Some comments from Jose

  • When you give an answer you should make sure that you are covering two parts: showing that all the elements listed in your answer satisfy the property and checking that the elements that are not in you answer do not satisfy it. In problem 1 many of you forgot to say why if n>2 is even then K_n has no Eulerian trail.
  • Remember to ALWAYS check the hypothesis of a theorem before applying it. In problem #2 many students tried to apply Cor. 9.3 using that two vertices have degrees equal to 99 and the rest of vertices have degrees equal to 100. This is unfortunately a WRONG thing to do: to be able to apply Cor. 9.3 you need to know that the graph is connected beforehand. Having an Eulerian trail is a much stronger property than being connected and is usually harder to prove. For those who still do not believe that this argument is not correct here is a counterexample. Consider two disjoint copies of K_{101} and remove one edge. All the vertices in the resulting graph have degree 100 except for two vertices that have degree 99. However this graph is not connected so the Eulerian trail does not exist. (There is, however, a way to solve problem #2 using Eulerian trails. Indeed, the hypothesis of the problem implies that the *original* graph has a closed Eulerian trail. This is because all vertices of the original graph have even degrees and the graph is connected. We can go along this closed Eulerian trail in two directions, so there is a path from A to B that does not contain the edge AB. This gives the connectivity of the graph obtained from G be removing AB.)

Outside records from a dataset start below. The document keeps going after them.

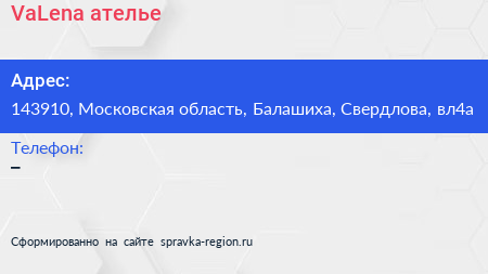 VaLena, ателье по адресу 143910, Московская область, Балашиха, Свердлова, вл4а в дальнейшем Организация, размещена в следующих категориях: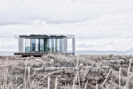 Excerpt from AKT II structural engineers: “This is the third iteration of our collaboration in research and design with OFIS Architects, continuing our exploration into the intrinsic structural nature of glass and timber. Set in the harsh weather conditions of Spain’s Gorafe desert, the unit uses the vertical glazing panels of the envelope as structural walls, resisting the desert’s high-speed winds and supporting the timber stressed skin roof. Our Envelopes team developed bespoke details to accommodate the structural function of the glazing, and supported the client during the procurement phase.”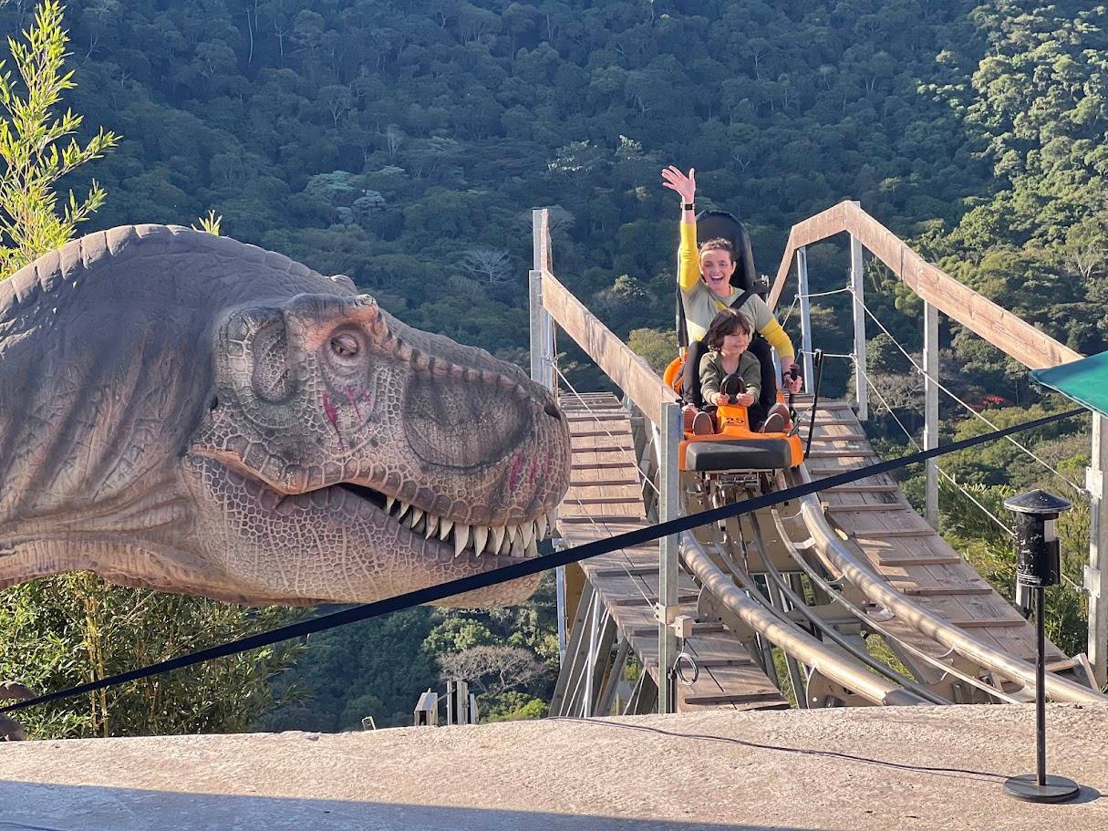 The newest addition to Terra dos Dinos is a cart ride called Mega Trenó, billed as "the largest mountain train ride in Latin America". This seems appropriate for the largest dinosaur park in Latin America. Each cart has its own handbrake, so you can control your own descent. Here's Calvin's Mega Trenó Ride Video.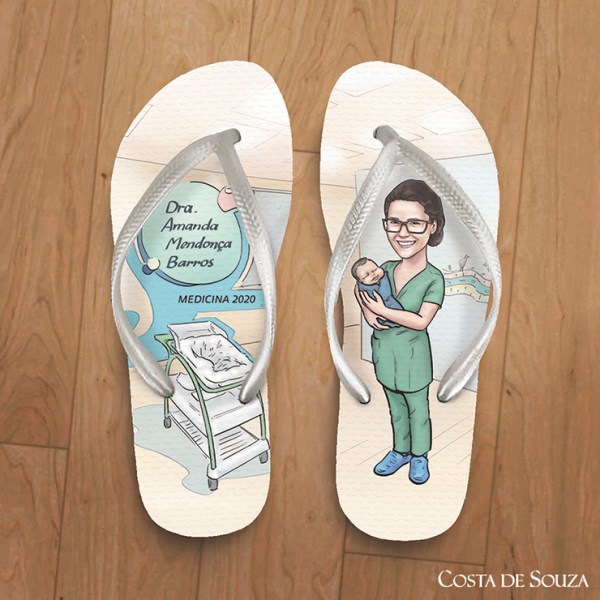 Caricatura para formatura de Medicina, para formanda que deseja se especializar em Pediatria.  A cliente pediu que a caricatura fosse elaborada principalmente para aplicação em chinelos personalizados para presentear.

  • I would suggest you do the exercise of reading aloud your homework, or even better, ask someone to read it aloud to you. That will help you notice where are you being clear and where you are not.
  • One more advise: When you finish writing a solution, read the problem again, go over ALL the hypothesis and check if and where you've used them. If you look at problem #2 and the flawed solution using 9.3, the main problem is that you are NOT using the connectivity of the original graph in any way.